Двадцать лет и два года!
Она жила в целомудрии более половины того срока, в течение которого он пребывал евнухом. Однако пришла к нему, к мужчине, который на самом деле не был мужчиной.
— Тот, кого вы просили дотронуться… это был ваш муж, — уверенно заключил он.
Неужели она представляла на его месте своего мужа?
— Да.
— Он был тем, кого вы любили.
— Верно. Я воображала, будто он отвечает на мою любовь, Но этого просто не могло быть, не так ли? Разве мужчина может любить женщину, если не уважает потребностей ее тела?
Она быстро сморгнула слезы. Значит, Меган тоже познала одиночество.
Воспоминания об их слиянии словно омыли его: жаркая бездна ее лона, шелковистая твердость бутона женственности, колкость волос на венерином холмике, впечатавшемся в его пах… Она поглотила его целиком и ни разу не осудила за неопытность или отсутствие яичек.

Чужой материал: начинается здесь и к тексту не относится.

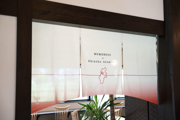 長野県安曇野市にある Laboratory NUMOROUS(ラボラトリー ニューモラス) のイートインスペースの暖簾です。
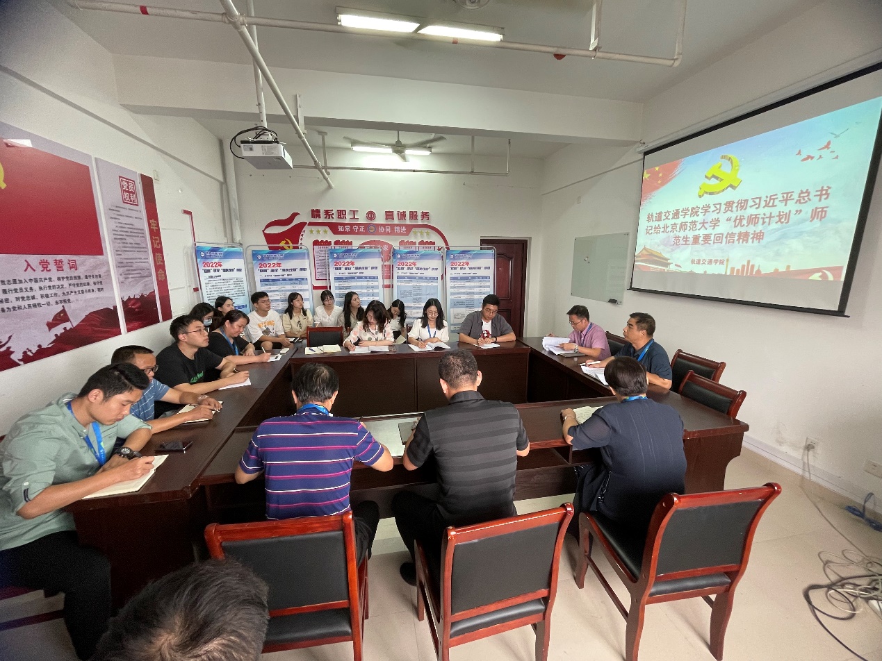 為認(rèn)真學(xué)習(xí)貫徹習(xí)近平總書記的重要回信內(nèi)容,全面落實立德樹人根本任務(wù),持續(xù)加強師德師風(fēng)建設(shè),以實際行動迎接黨的二十大勝利召開。2022年9月23日上午,軌道交通學(xué)院在第一會議室組織學(xué)習(xí)了習(xí)近平總書記給北京師范大學(xué)“優(yōu)師計劃”師范生重要回信精神,并一同觀看了《習(xí)近平的教師情》專題片。學(xué)院黨政領(lǐng)導(dǎo)班子、全院教職工參加會議,會議由孫基書記主持。
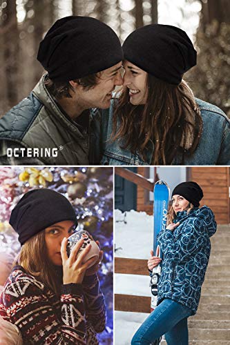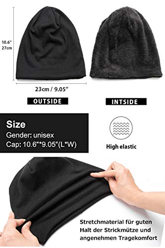 OCTERING Slouch Beanie Berretto da uomo e da donna in cotone elastico unisex Fodera in pile grigio scuro #06. Taglia unica
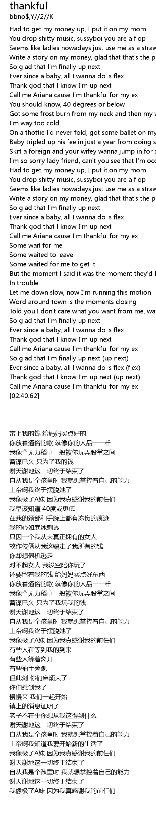 | [02:36.78] | Call me Ariana cause I'm thankful for my ex |

— Арабские женщины используют комки шерсти, пропитанные уксусом, — неожиданно выпалил он.
— Простите?
По его шее снова поползли красные полосы.
— Для предохранения, — коротко пояснил он.
— Понятно.
Напряжение снова сгустилось в воздухе.
Она в любую минуту может встать, одеться и уйти, так и не узнав, что значила для него эта ночь. Мохаммед отчаянно старался отвлечь ее.
— Меган — ваше настоящее имя?
Он почувствовал неуместность вопроса. Он требовал от Меган правды, не собираясь отвечать тем же.
— Да, — так же сухо ответила она. — Если соизволите оставить меня одну на несколько минут…
— Не надо, — выдавил он и ощутил, как она вздрогнула.
— Что именно?
«Не покидай меня!»
— Со мной не так-то легко.
Молчаливое согласие Меган было понятно любому человеку. Но он продолжал упорствовать, как упорствовал последние сорок лет.
— Не умею… общаться с женщинами. — Он говорил осторожно, пытаясь смягчить суровость, казаться тем человеком, которым она хотела его видеть. — Не знаю, что им нравится…
— Я уже сказала…
— Но я сделаю все, чтобы доставить вам удовольствие, — перебил он, страстно желая предотвратить возможный отказ, возможное презрение. — Если позволите…
Ее лицо оставалось непроницаемым.
— Не понимаю, чего вы хотите от меня.
Прошлой ночью она бормотала то же самое.
Его потребности не изменились. Он стремился узнать то, что ведомо другим мужчинам. Желал быть таким, как другие мужчины.
— Больше никакого притворства или иллюзий! — воскликнул он, лелея надежду, обуздывая страх.
— Вы просите меня… побыть с вами еще немного? — насторожилась она.
У него никогда не будет иного шанса испытать неподдельную женскую чувственность.
— Да. Я прошу провести со мной еще одну ночь, — выдохнул он.
— А если я соглашусь?
— Я сделаю все, чего ни попросите.
— Мой муж… Я не просила его делать то, о чем говорила прошлой ночью.
— Не просили коснуться вас? — допрашивал он с бешено бьющимся сердцем: жезл ожил, проснувшаяся надежда сковала язык.
Меган, неожиданно показавшаяся куда моложе, чем была на самом деле, смотрела ему прямо в глаза.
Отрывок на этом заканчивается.